Hulettia

Hulettia
Temporal range: Early Jurassic
Hulettia fossil displayed in the New Mexico Natural History Museum
Scientific classification
Kingdom: Animalia
Phylum: Chordata
Subphylum: Vertebrata
Infraphylum: Gnathostomata
Superclass: Osteichthyes
Class: Actinopterygii
Subclass: Chondrostei
Order: Palaeonisciformes[1]
Genus: Hulettia
Species: H. americana

Hulettia is an extinct genus of prehistoric bony fish found in the Morrison Formation in the western United States, measuring approximately three to four inches in length. This fish genus contains one species, H. americana. Its body was covered in thick prominent scales, and its name is based on Hulett, Wyoming, a locale which is near the Morrison Formation. Discovered specimens show evidence of predation upon the smaller species of fish Todiltia that inhabited the Jurassic Lake Todilto, and another specimen discovered in the Bathonian coastal sandstone, in the Sundance Formation of South Dakota.
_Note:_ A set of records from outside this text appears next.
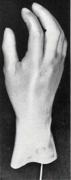 The APRL hand is covered by a cast polyvinyl chloride glove of extremely natural appearance (Fig. 2). Developed especially for the APRL hand, it has been designed with particular regard to eliminating as much as possible the resistance to operation of the fingers. In order to reduce the necessarily high cost of coloring each glove on a custom basis, after careful experimentation six Caucasian and six Negroid shades have been provided. They satisfy the majority of amputees.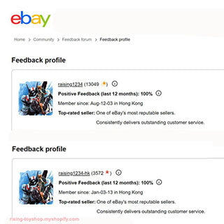 To reach more fans worldwide, we also launched two eBay stores (IDs: raising1234 & raising1234-hk).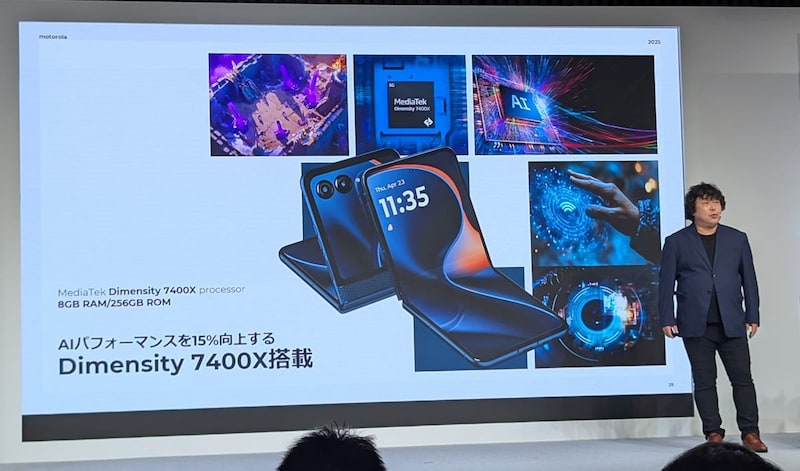プロセッサーにはMediatek DImensity 7400Xを搭載し、AIパフォーマンスを15%向上。razr60は12GB RAMと512GBストレージ、razr60s/razr60dは8GB RAMと256GBストレージを搭載します。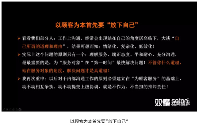 李二橋分享到,在座的各位首先要認知到誰是你的服務對象,在認清服務對象之后,再遵循“以顧客為本”的核心價值觀,在第一時間為服務對象解決問題。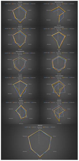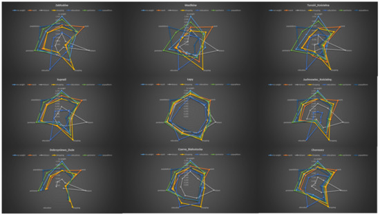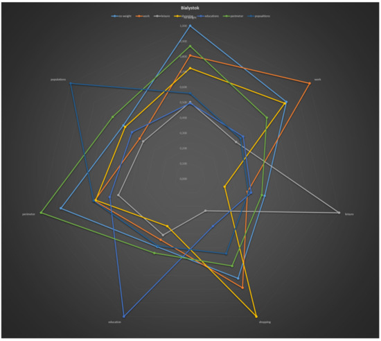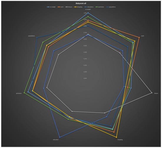 Calculated zones of attraction (Table 2, Figure 2, Figure 3 and Figure 4) when people move to work, recreation, shopping, and education, and the most intensive zones of spatial urban structure within 1000 m could be related to the optimality of 15 min city or New Urbanism neighborhood concepts. A scatterplot of the zones of attraction according to the functional spheres for Bialystok city is presented in Figure 2. It shows synergies or correlations (Table 2) between gravity fields generated by four types of journeys (work, leisure, shopping, ajd education) within radius 1000 m and two additional calculations: gravity with no specific destinations considered as affected just by the configuration of the street network (no weight) and as destination-marked zones with a higher building and street contact perimeter. The last indicator is based on the World Bank report on walkability [14] and could reveal public space to be more attractive for street culture. The “no weight” calculation could be useful for urban planners focussing just on spatial form while evaluating its effects on sustainability. Gravity fields of each type of journey are represented by the accordingly named line in the scatterplot while its correlations are reflected by the position of the line of the seven axes. Because correlations between the same innovators are always one, each line reaches the maximal position at least on one axe which marks itself. A more “spiky” and “star shape” scatterplot means less synergy between the gravity fields generated by different journeys. Based on the comparison of the correlations vs. scatterplots, the following neighborhoods could be named as the least multifunctional: Dobrzyniewo Duże, Choroszcz, Juchnowiec_Kościelny, Turośń_Kościelna, and Wasilków. Zabłudów, Łapy, Czarna_Białostocka, Supraśl, and Bialystok city could be named as more multifunctional neighborhoods.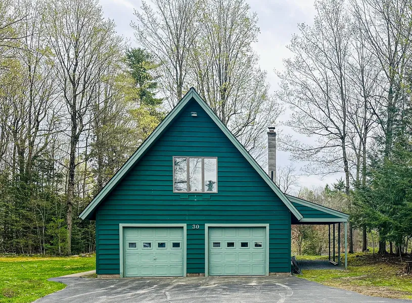Tucked away on a quiet residential street, this hidden gem offers the perfect blend of tranquility and character. Nestled on a beautifully wooded lot along the river, this well-maintained A-frame home is a true retreat for those seeking privacy and natural beauty. Step inside to discover soaring vaulted ceilings, sky light windows, stunning custom woodwork, and a cozy loft space that adds charm and versatility. The brand-new modern porch provides the ideal spot to unwind and take in peaceful river views—perfect for morning coffee or evening sunsets. The spacious garage features a dedicated workshop area, ideal for hobbyists, mechanic enthusiast, or anyone needing extra creative space. Whether you're relaxing indoors or enjoying the serene outdoor setting, this home offers a one-of-a-kind living experience. Usable River frontage.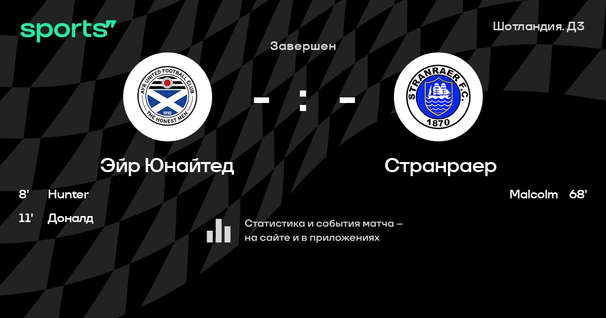Смит - Smith, McGregor, McCann - Hunter, Sinclair, Доналд, McLaughlin - Бьюкенен, Robertson, МоффатЗапасные: Brown, Браунли, Wylie, Winters, Shankland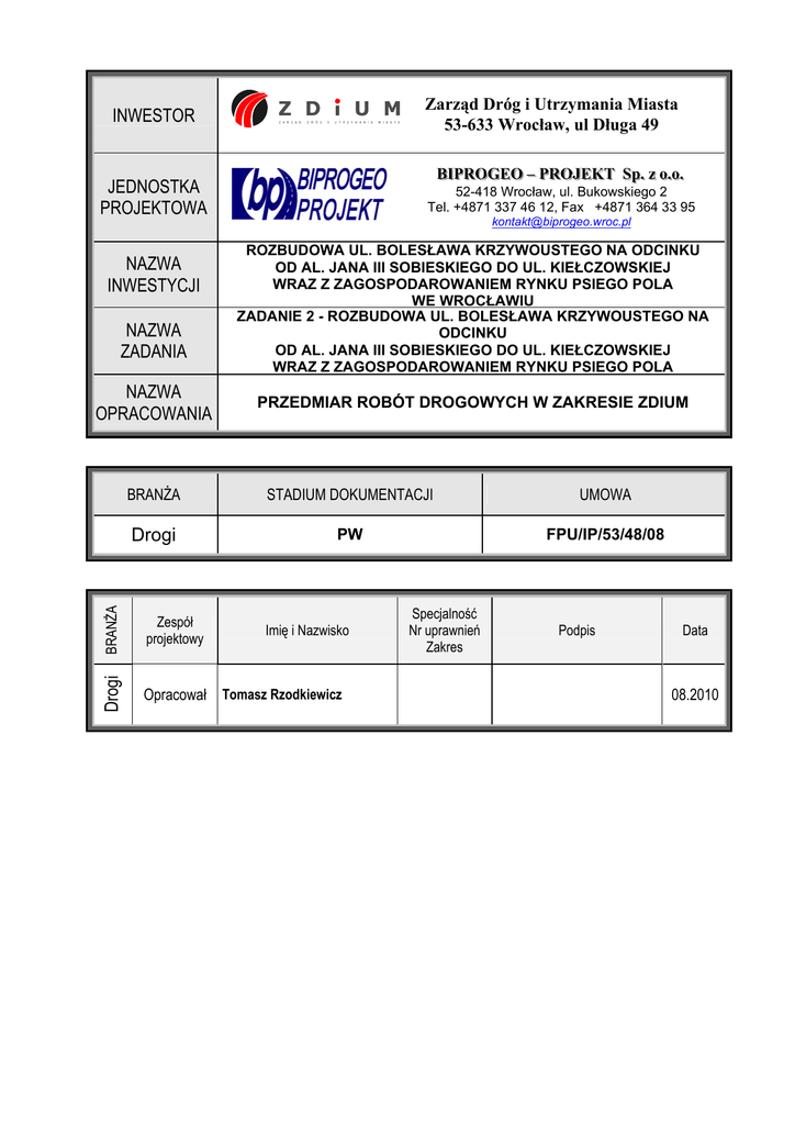 Przedmiar robót- drogowych w zakresie ZDIUM

Both specimens are complete skeletons with no fragmentary remains or dubious anomalies amongst the bones recovered.[2]

Paleobiology

It lived in an ecological niche similar to minnows and other small forage fish. The most noticeable quality of the Hulettia is its extremely durable and compact scales, providing protection from lepidophagy, external parasites and predation by fish which could not swallow it whole.[3] It prominently fed upon smaller fish, shrimp and other crustaceans, gastropods, worms and aquatic insect nymphs. Its mouth was lined with short tiny teeth that could scrape algae and other plant matter from solid surfaces, suggesting that it was an opportunistic forager that didn't solely depend on ingesting smaller creatures.[4]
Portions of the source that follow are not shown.